The Bill had its second reading in the Commons on Tuesday, and yesterday had both its Committee stage and third reading in the Commons, where it was passed by 189 votes to 47, largely through the votes of MPs who had not attended the debate.
Other Government plans that were taken out of laws passing through the wash up process included the funding from the licence fee of new news consortia in the regions and its plans to impose a £6 per year phone line tax to pay for the building of a superfast broadband network.
Minister Stephen Timms told the House of Commons that if re-elected the Government would reinstate the phone line tax after the election.
Yesterday's announcement of a general election next month has put this highly-controversial Bill on a fast-track process where it does not belong. It is
likely to be passed tonight as part of this process which is known as 'wash up'.
'Wash up' refers to the last few days of a Parliament, after the election has been announced but before dissolution. Bills not passed before the dissolution are lost – so in the wash up period, outstanding bills that are unopposed are rushed through. It suits uncontroversial laws. It does not suit a law like the Digital Economy Bill.
Of the country's 643 MPs, just 40 turned up for yesterday's Second Reading, of whom only 10 stayed throughout proceedings, according to a critic who kept count . The whole thing was watched on Parliament Live TV and participants were silently heckled by more than 5,000 Twitter users.
The Digital Economy Bill introduces powers that may see households disconnected from the internet on accusations of file-sharingand websites blocked by British ISPs because they stand accused of copyright infringment.

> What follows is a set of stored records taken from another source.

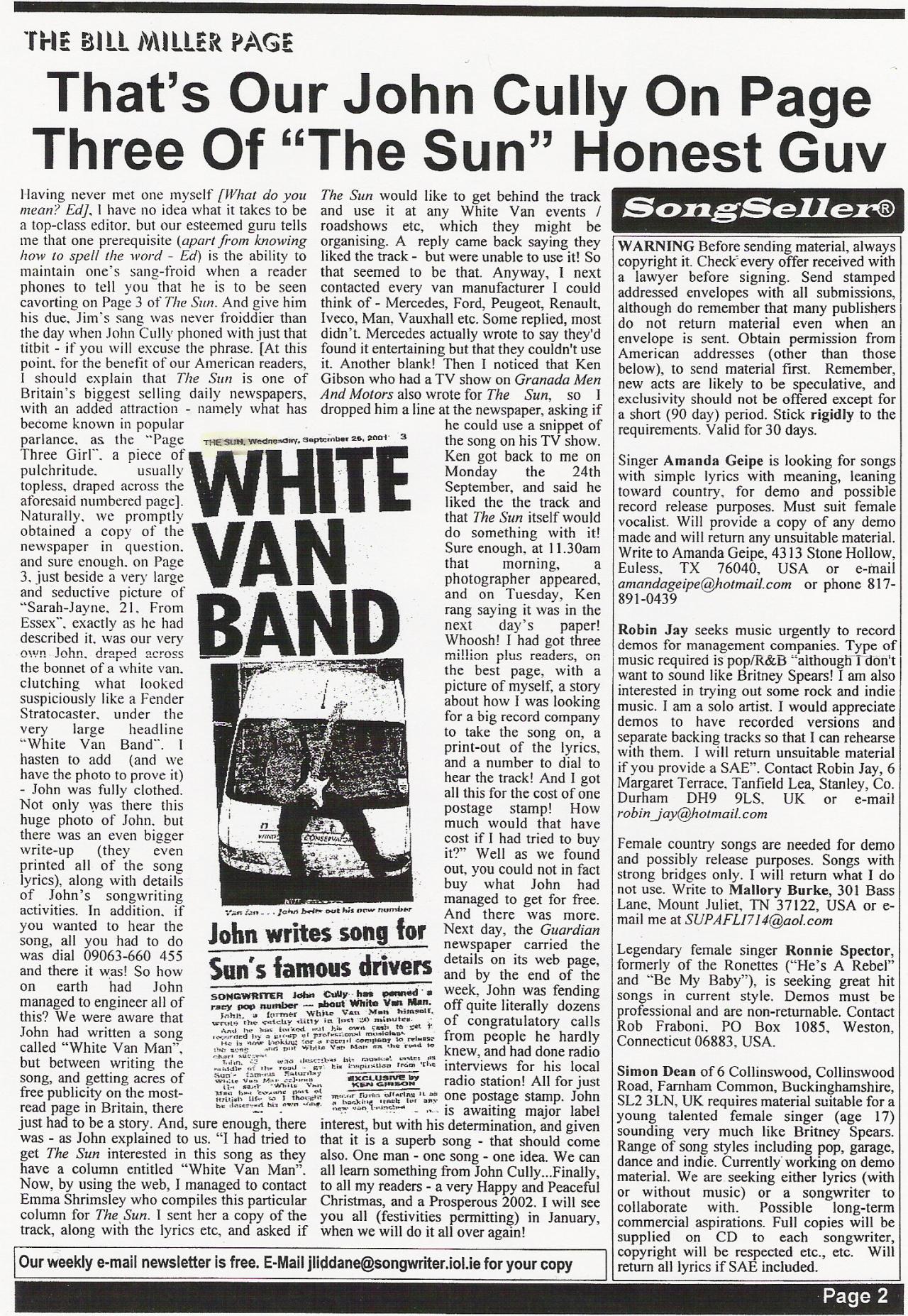Lead Vocal with 4 piece band "Flashback!" mostly 60's music..ideal for parties, school reunions. Looking for others to cover these songs, all written by me. What people have said about these tracks:- "Sheer Brilliance" - Jim Liddane ISA Chairman "Excellent song"- Scamp studios G.I.S.C "Very Good"- Richard Usher BBC Berkshire "Very Funny" (White Van Man) - Jonathan Hancock BBC Oxford "Excellent Groove + Hook" - Billboard "Really Digging White Van Man" - Blast 1386 radio "Next!" - X Factor Audition - (True!) "Eh?" - Beethoven "______ " - Marcel Marceau "Lets Book Him" - Basingstoke Police "Turn it down" - His Mum! "It'll be better in Stereo" - Van Gogh Please rate these songs, as this is the best way of knowing if I'm doing okay. Should you wish to Buy a CD of these songs "Out of Me Head" = 7.50 p Contact:- bigboycully@aol.com Mbl 07836 606160 Bio Left home at an early age, due to the handbrake on my pram not working..... My mothers advice to me on leaving,..."Put a clean pair of pants on everyday" ...by Sunday I couldnt get my trousers on! I removed the rear view mirror in my car, and have never looked back..... I used to dread the summer holidays, spending 6 weeks with my grandparents.....I hated that graveyard! Invented the worlds strongest acid, but I cant find anything to put it in!.. If it weren't for Venetian Blinds it would be Curtains for all of us!! Now In Ideal Job....tasting Lager and testing Mattresses able to combine both easily! Felt depressed, and tried to end it all by taking 200 aspirin....after the first 2 felt much better........... Samaritans Hung up on me.... Thought my maths teacher fancied me...she kept putting x's all over my work... Tried Stand Up comedy but people just laughed at me... The guy that was on before me was so-o bad they were still boo-ing when I was on. Not sure what to do, might be a Gynaecologist again..I like to keep my hand in!..... I went to the Library yesterday I said "Have you got any books on shelving?"...she said "They all are!" Was going to go on a assertiveness course but I couldnt be arsed... Had a Penis extension........makes the house look strange though! The U Bend on a toilet.....cant get my head around it What do you guys think about schizophrenia?, I'm in two minds about it Black Beauty.....A dark horse that one To all you Virgins out there.....thanks for nothing! Have found next weeks Lottery ball draw results!!! they are from left to right as follows lowest number first:-
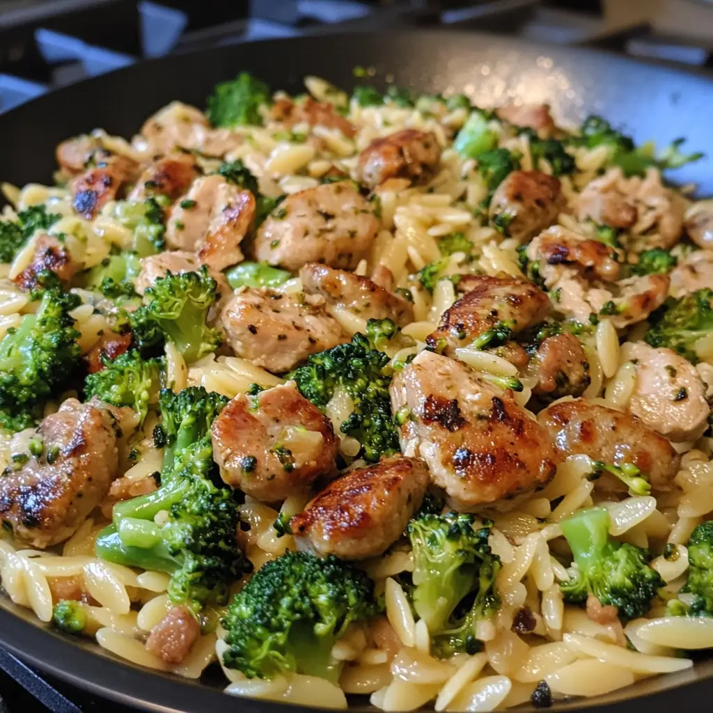 A delicious and easy-to-make dish featuring chicken sausage, broccoli, and orzo pasta, perfect for a weeknight dinner.
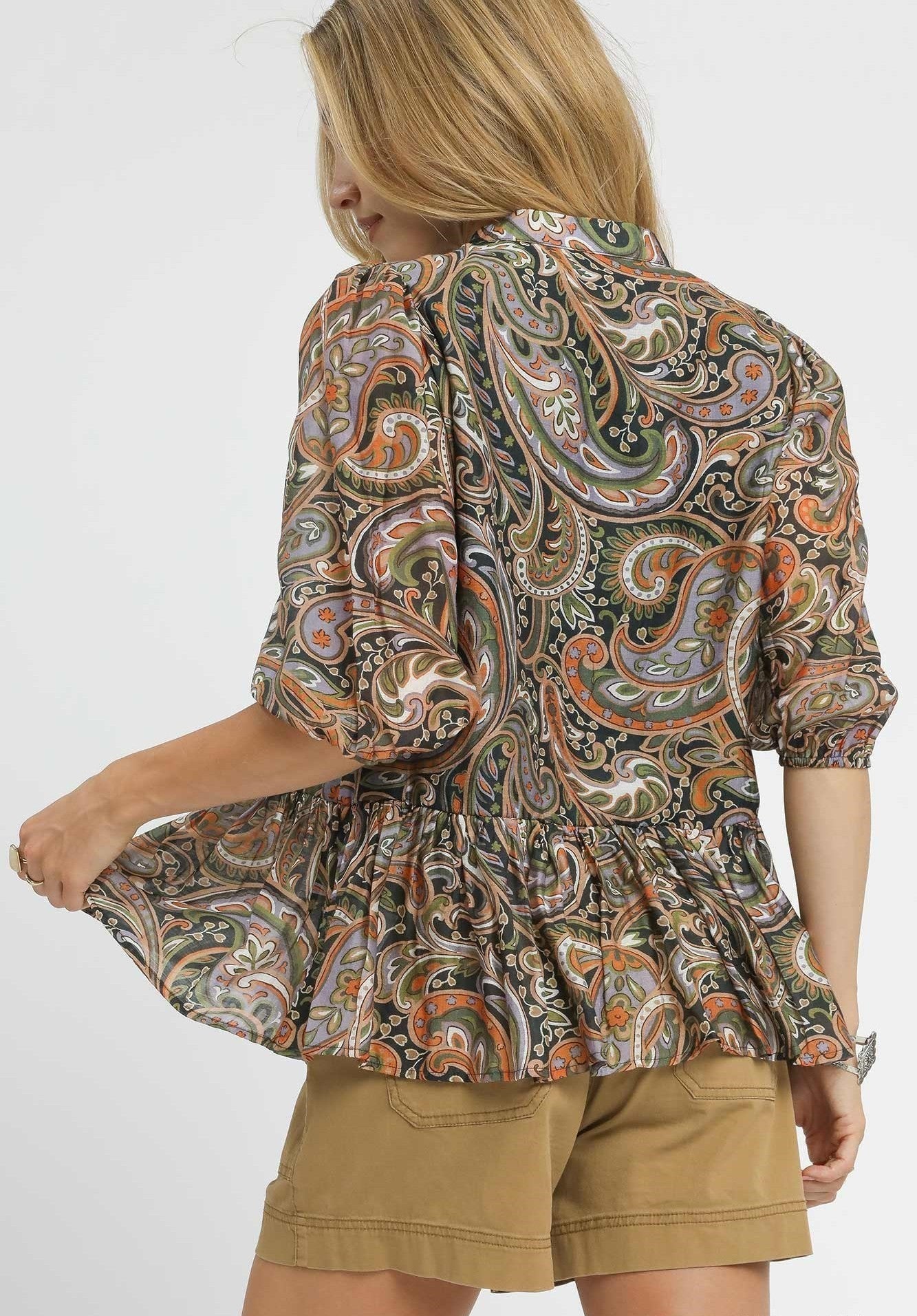 • Load image into Gallery viewer, Umgee Paisley Print Peplum Top in Green/Orange

Coffee shops, airports and hotels are also given reason to rethink their Wi-Fi services. "It cannot be right for us to cut off the whole of Starbucks just because one person went in for a cup of coffee and illegally shared files," observed Conservative MP John Whittingdale last night.
The arguments for and against these measures received short shrift in Parliament. It seems that passing the Bill before next month's general election has taken priority over what the thing actually says. Each party acknowledges that the Bill is being rushed yet it seems that nothing will stand in its way.
Shadow culture secretary Jeremy Hunt called the Bill "a weak, dithering and incompetent attempt to breathe life into Britain's digital economy", while shadow science and innovation minister Adam Afriyie referred to the bill as "botched legislation".
But Hunt will not oppose the Bill. He explained that if the Conservatives come to power in May, his party will fix any problems with the Bill, "if it turns out that the legislation is flawed." In wash up, he is seeking only changes to clauses on orphan works, regional broadcasting and Ofcom's powers.
The Liberal Democrats, who said last month that the Bill should be scrapped and reintroduced in the next Parliament, had just one representative at last night's debate, Don Foster.
The MP for Bath expressed concern about the technical measures that the Bill enables, i.e. the powers to disconnect users. But his solution is broadly the same as Hunt's.
"The next Parliament deserves to be given the maximum opportunity to scrutinise any such proposals," said Foster. The Lib Dems will back the Bill tonight if they can get that assurance and others (they want a planned consultation process for the site blocking measures extended to the disconnection powers; and they want extra safeguards for Wi-Fi operators).
The
text of the five-hour debate (243-page PDF) makes for a disheartening read. It's like a case study in how to pass bad law in a hurry. Whatever you think of this Bill, it presents a significant change to digital rights and remedies in the UK. It deserves proper debate and proper scrutiny. It should not be passed.